**DIRECTIONS**
Your copy should repeat the data that follows exactly and contain no image.
*** DATASET SECTION ***
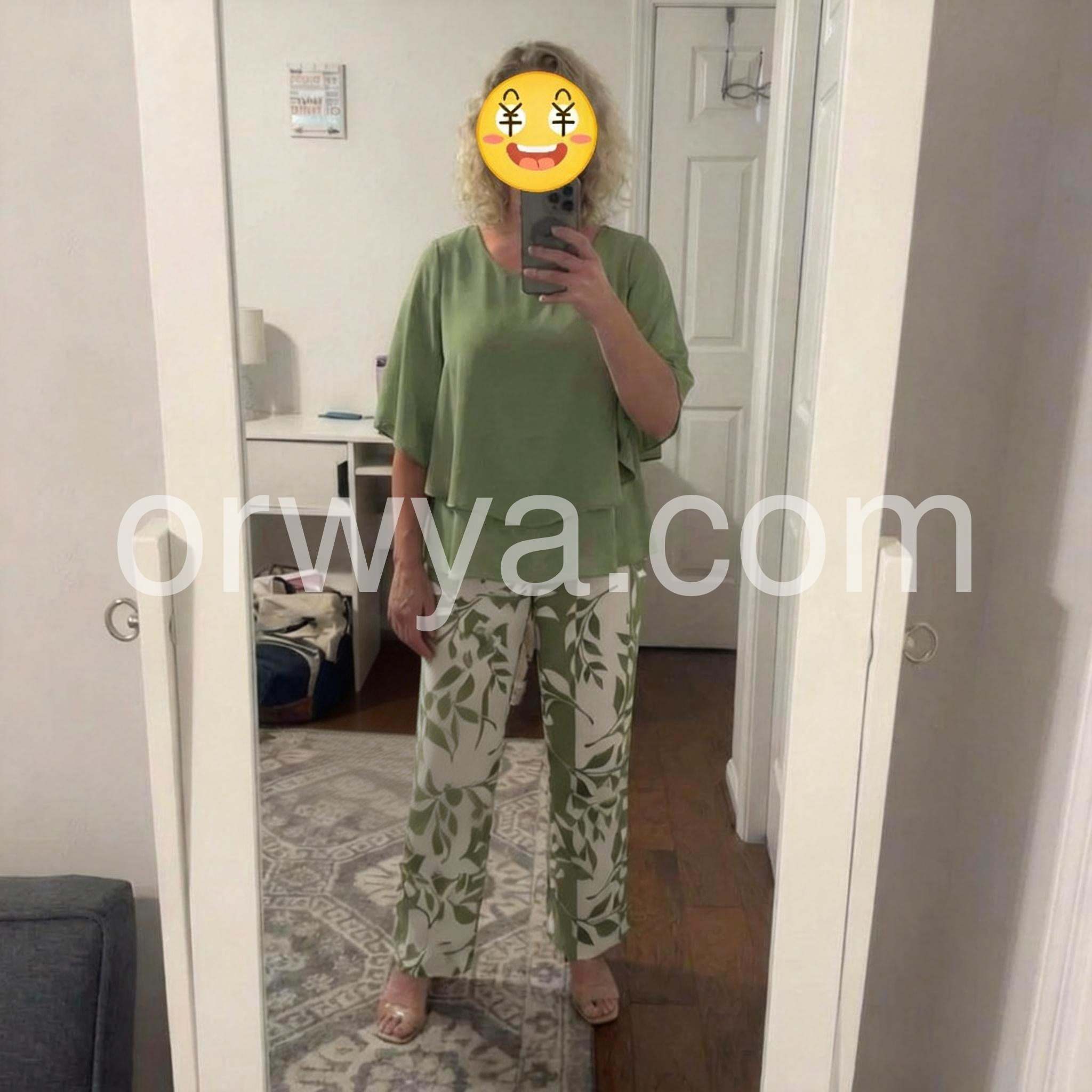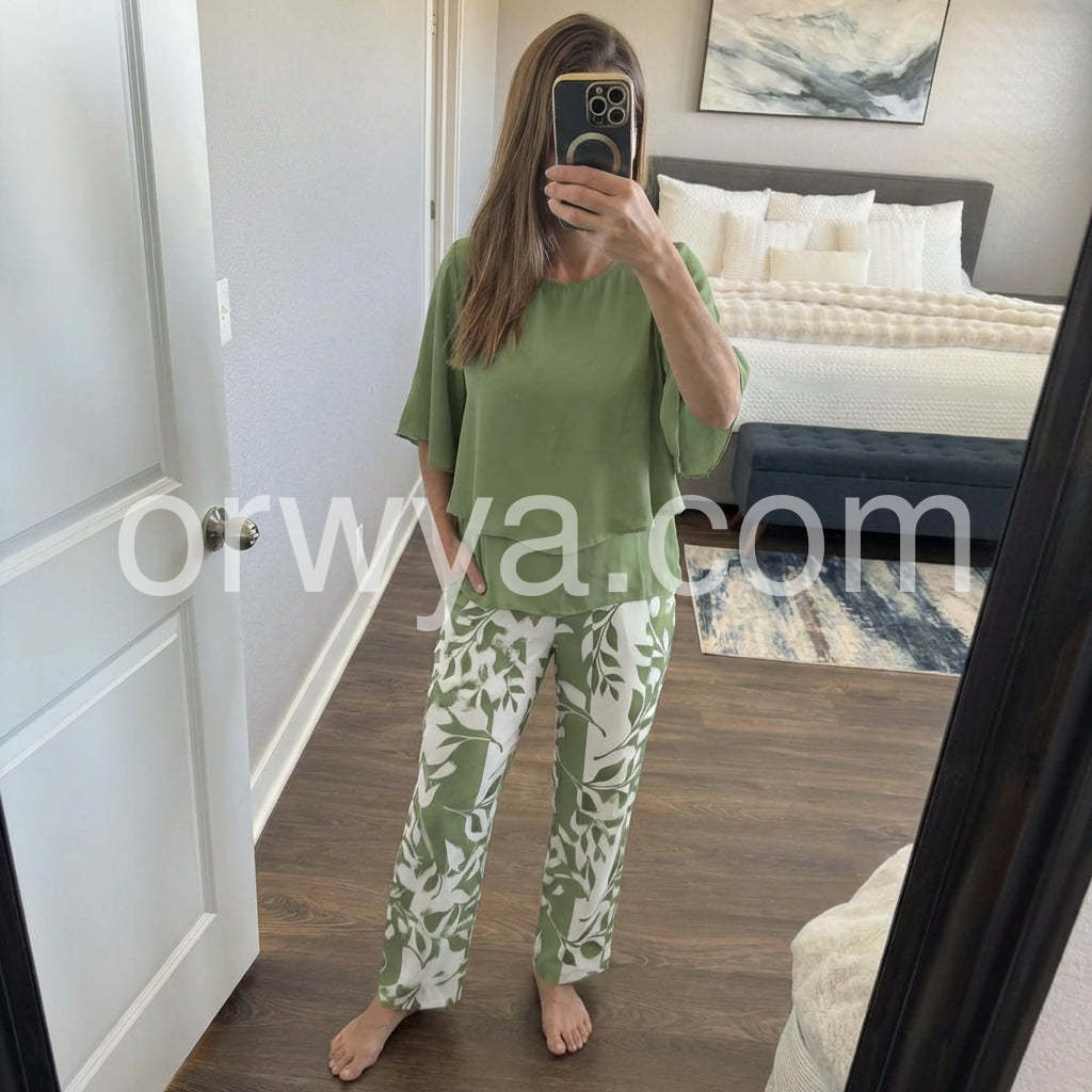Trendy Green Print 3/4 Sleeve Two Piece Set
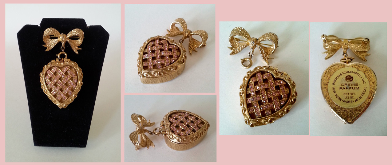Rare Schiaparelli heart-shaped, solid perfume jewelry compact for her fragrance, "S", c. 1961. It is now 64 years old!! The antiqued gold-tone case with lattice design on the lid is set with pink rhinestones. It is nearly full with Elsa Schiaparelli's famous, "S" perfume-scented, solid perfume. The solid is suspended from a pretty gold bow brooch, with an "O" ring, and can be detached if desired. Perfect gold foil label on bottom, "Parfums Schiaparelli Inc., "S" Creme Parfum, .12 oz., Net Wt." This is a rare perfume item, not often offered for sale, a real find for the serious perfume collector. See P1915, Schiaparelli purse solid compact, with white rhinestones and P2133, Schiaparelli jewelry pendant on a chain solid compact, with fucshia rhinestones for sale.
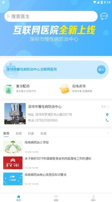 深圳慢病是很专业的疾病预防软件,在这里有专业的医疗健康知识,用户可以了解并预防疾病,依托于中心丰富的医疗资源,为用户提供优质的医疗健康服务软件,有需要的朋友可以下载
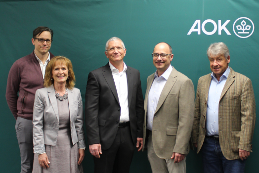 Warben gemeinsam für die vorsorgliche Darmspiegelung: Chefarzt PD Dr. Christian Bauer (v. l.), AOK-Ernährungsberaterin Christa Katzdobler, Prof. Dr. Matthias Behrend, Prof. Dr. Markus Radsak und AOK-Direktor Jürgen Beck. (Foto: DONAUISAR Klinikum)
***
**COMPLETED EXERCISE**
Trendy Green Print 3/4 Sleeve Two Piece Set
Rare Schiaparelli heart-shaped, solid perfume jewelry compact for her fragrance, "S", c. 1961. It is now 64 years old!! The antiqued gold-tone case with lattice design on the lid is set with pink rhinestones. It is nearly full with Elsa Schiaparelli's famous, "S" perfume-scented, solid perfume. The solid is suspended from a pretty gold bow brooch, with an "O" ring, and can be detached if desired. Perfect gold foil label on bottom, "Parfums Schiaparelli Inc., "S" Creme Parfum, .12 oz., Net Wt." This is a rare perfume item, not often offered for sale, a real find for the serious perfume collector. See P1915, Schiaparelli purse solid compact, with white rhinestones and P2133, Schiaparelli jewelry pendant on a chain solid compact, with fucshia rhinestones for sale.
 深圳慢病是很专业的疾病预防软件,在这里有专业的医疗健康知识,用户可以了解并预防疾病,依托于中心丰富的医疗资源,为用户提供优质的医疗健康服务软件,有需要的朋友可以下载
 Warben gemeinsam für die vorsorgliche Darmspiegelung: Chefarzt PD Dr. Christian Bauer (v. l.), AOK-Ernährungsberaterin Christa Katzdobler, Prof. Dr. Matthias Behrend, Prof. Dr. Markus Radsak und AOK-Direktor Jürgen Beck. (Foto: DONAUISAR Klinikum)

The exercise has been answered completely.